Compared with the WHO review and other clinical trials, the present results indicated a similar beneficial effect of replacing saturated fats with PUFA on lipid biomarkers, but with a smaller magnitude [
40,
41]. In addition to the mentioned disparities in food patterns, cooking methods of plant oils might also play a role, since many Chinese cuisines were stir-fried, which could impair some beneficial effects of PUFA by oxidation [
42].
The present study had some limitations. The effect of MUFA on lipid markers could be complexed by SFA, due to the simultaneous occurrence of MUFA and SFA in animal fats.

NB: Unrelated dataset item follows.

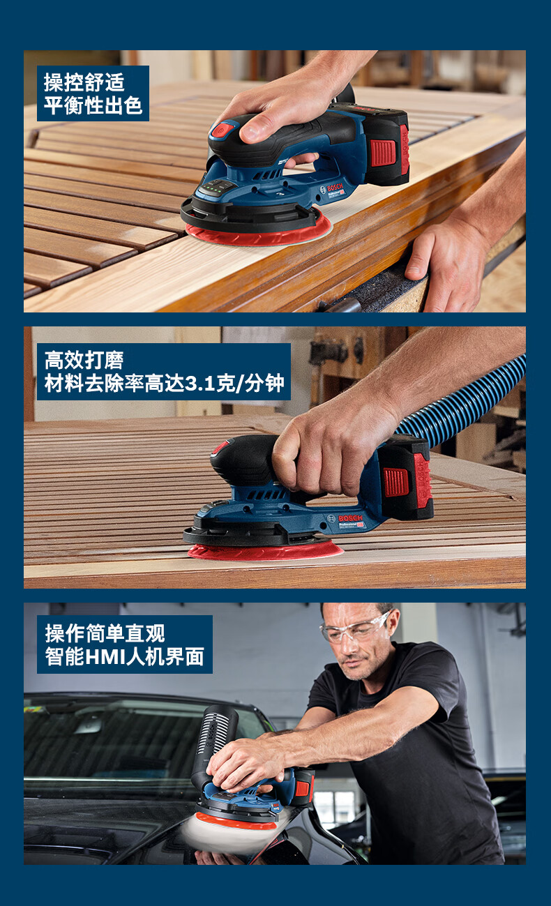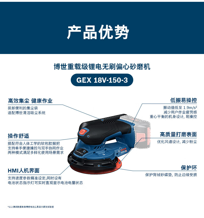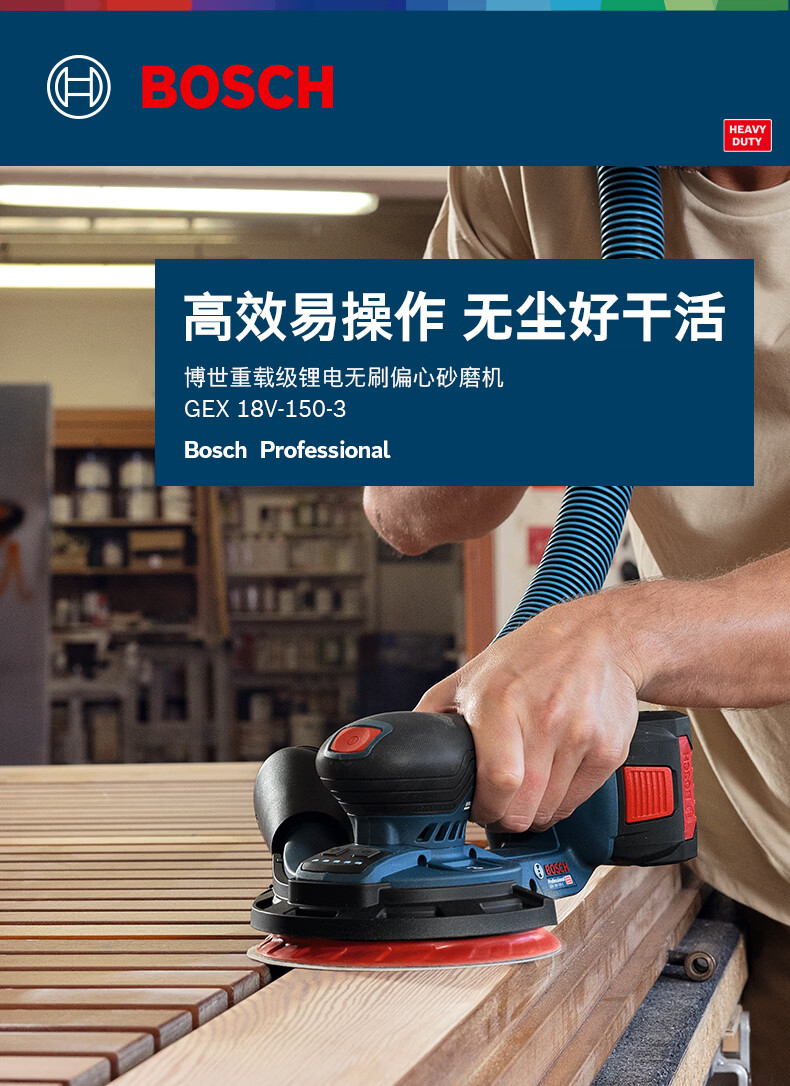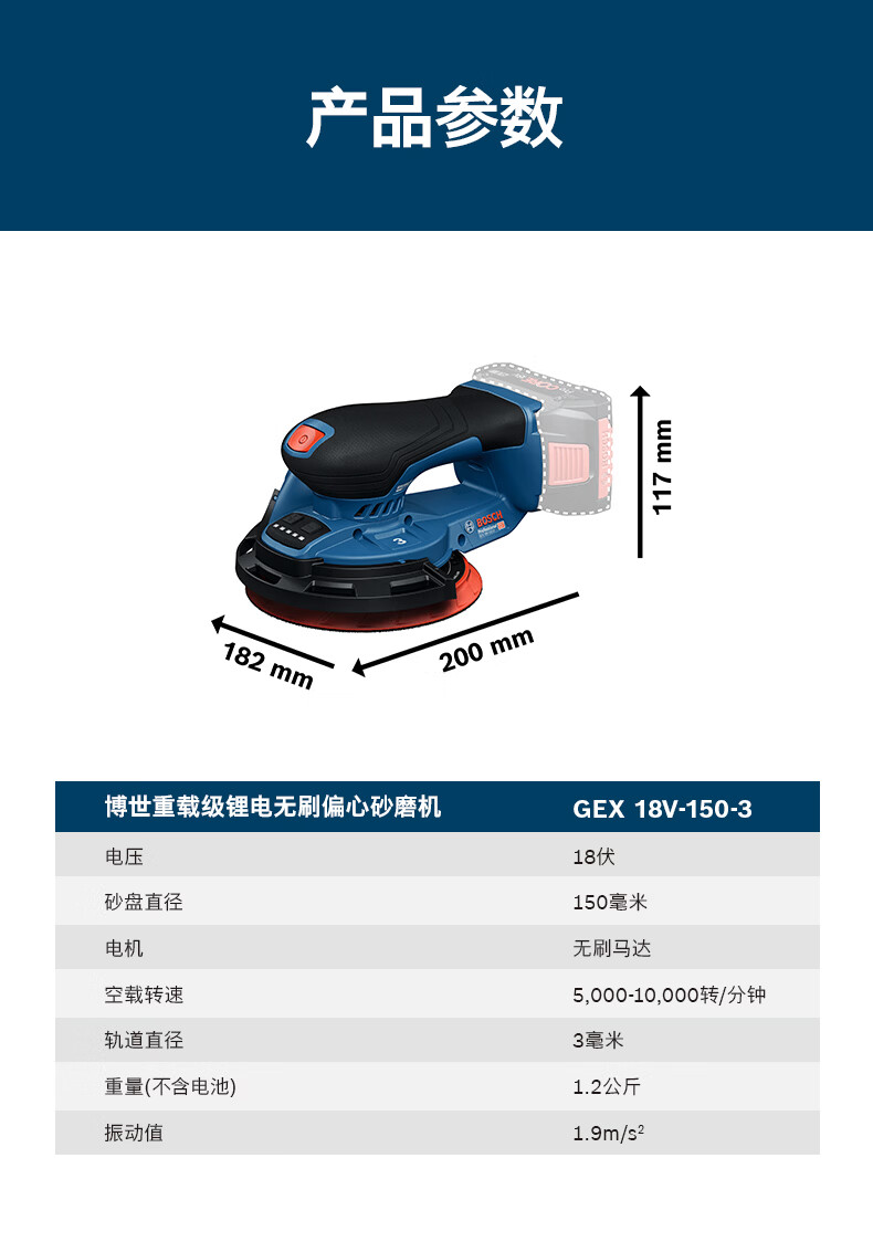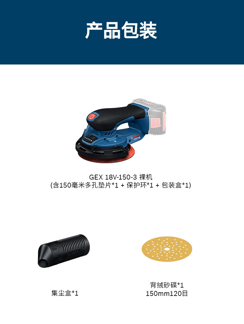 博世(BOSCH)GEX 18V-150-3重载级锂电无刷偏心砂磨机抛光打磨机木材砂光机 裸机(不含电池)

The nonlinear relationship of fat intake with lipid biomarkers could lead to bias of estimation when using a linear-based regression model, although the stratification analysis had been performed. Fatty acids of some mixed foods, particularly processed food, were unable to be accurately estimated for the incomplete data in the Chinese Food Composition tables (FCT). We complemented some of them by estimation from similar foods, and referring to the Japanese FCT and United States Department of Agriculture (USDA) food composition database. Furthermore, we did not assess the impact of trans fats on blood lipids, which might affect the replacement effect of other fats. Lastly, we did not assess the optimal fat intake level for blood lipids management in the Chinese population, which is worth further study.